Wednesday, December 10, 2025

Chabert Holiday Rewatch: The Tree That Saved Christmas (2014)



My original rules for ChabertQuest 2025 included not re-watching and re-posting on movies I'd already seen and written up.  Somehow it bothered me that I didn't rewatch this one even though I'd previously seen The Tree That Saved Christmas (2014) and wrote it up back during lockdown.  

All I remembered was that the snow was pretty much non-existent (in Vermont on December) and maybe you could see some blankets thrown down to double as snow.  So, I decided to give it one more whirl to make sure no Chabert-stone was left unturned during ChabertQuest.  

This may have aired on Hallmark, but, is so, it's a small, indie movie that was licensed to Hallmark, which was their model for a while.  These days, I think they own a lot more of the movies that they air.  Thus, older movies like this are out there, but not officially Hallmark at this point.  

This movie arrives in Year 2 of Chabert making movies for Hallmark-type outfits.  She'd made Matchmaker Santa in 2013, and by 2014 was in A Royal Christmas, which is kind of considered a Hallmark classic by Hallmark nerds, and is arguably the real start of Chabert's rise to Hallmark supremacy.  In 2014, for good or ill, she also made this movie.

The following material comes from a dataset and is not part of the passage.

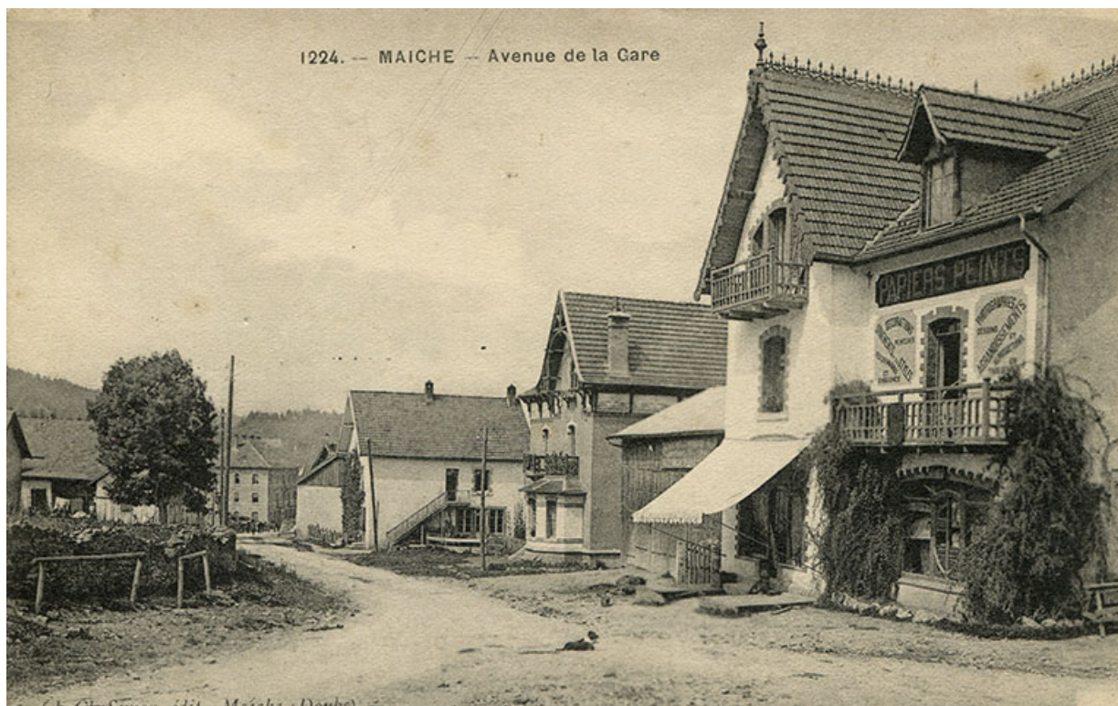
1224. - Maïche - Avenue de la Gare [depuis le carrefour des rues de Goule et du Mont], 1er quart 20e siècle (entre 1911 et 1921). Maison Grux puis atelier d'horlogerie d'Amédée Mairot à droite, maison de l'architecte Langlois puis de l'horloger Paul Mauvais au centre.

Chabert plays a young woman who grew up on a Christmas tree farm, but who is now is a business lady in the city.  She, of course, would rather be writing short stories.  As a child she had a favorite tree that she saved from a chainsaw, and by Christmas magic, that same tree winds up in her boss's apartment.  She steals the tree and returns home to the farm - which she just found out is being foreclosed upon.

Chabert and her brother do what they can to try to save the house and their parents' Christmas Tree farm, which is an odd choice as (1) her parents seem fine/ resigned and are ready to move on, and (2) the sale could be a nest-egg for her parents' comfortable retirement.  After all, the tree farm is failing anyway, and her dad can't keep doing it every year as he ages.  

ALSO - the town is failing, and if they plow down the farm, a resort is coming that could provide jobs.  

But Lacey has to have her farm that she doesn't plan to live at anymore, anyway.  

For the most part, it's pretty much boilerplate "save the Christmas tree farm" with the most affordable supporting actors they could find.  The oddball part of it is that she has a boss who would normally be her suitor - he has two adorable kids who Chabert babysits - but she also has an ex-boyfriend whose career she has to ruin by convincing him that working for his father's bank is evil.

Is it stupid?

Yeah...  yeah it is.  It doesn't make any sense.  It's just Christmas movie ideas slopped together into a 90 minute package without worrying about whether any of it works.  I mean, arguably, Chabert's character is incredibly selfish or she's an idiot.  

The woman playing Chabert's mom looks to be 12-15 years older than a 30-ish Chabert.  This is clearly not Vermont.  The cabin we're told is historic looks like it's maybe 20 years old.  And I question the ethics of the film's conclusion.  Also, it sure seems like when she goes back to New York, Chabert's boss is going to make his move - one doesn't just save an employees' family's Christmas Tree farm for purely altruistic reasons.  Also, the boss has millions, just made Chabert a published writer, and the ex-boyfriend just made himself unemployed and is stuck in the town where they grew up that she says would suffocate her.

Nonetheless, Chabert the actor kind of holds the movie together.  There's a lot of angst going on in the film for her character, and she pulls it off just fine.  But she has better chemistry with her brother and boss than she does with her supposed romantic interest.  

I read once that the scripts for these movies were pounded out in a few weeks between when the pitch was taken by Hallmark and when the cameras rolled, and I believe it.  If they had this script in hand and it wasn't a rush job...  woof.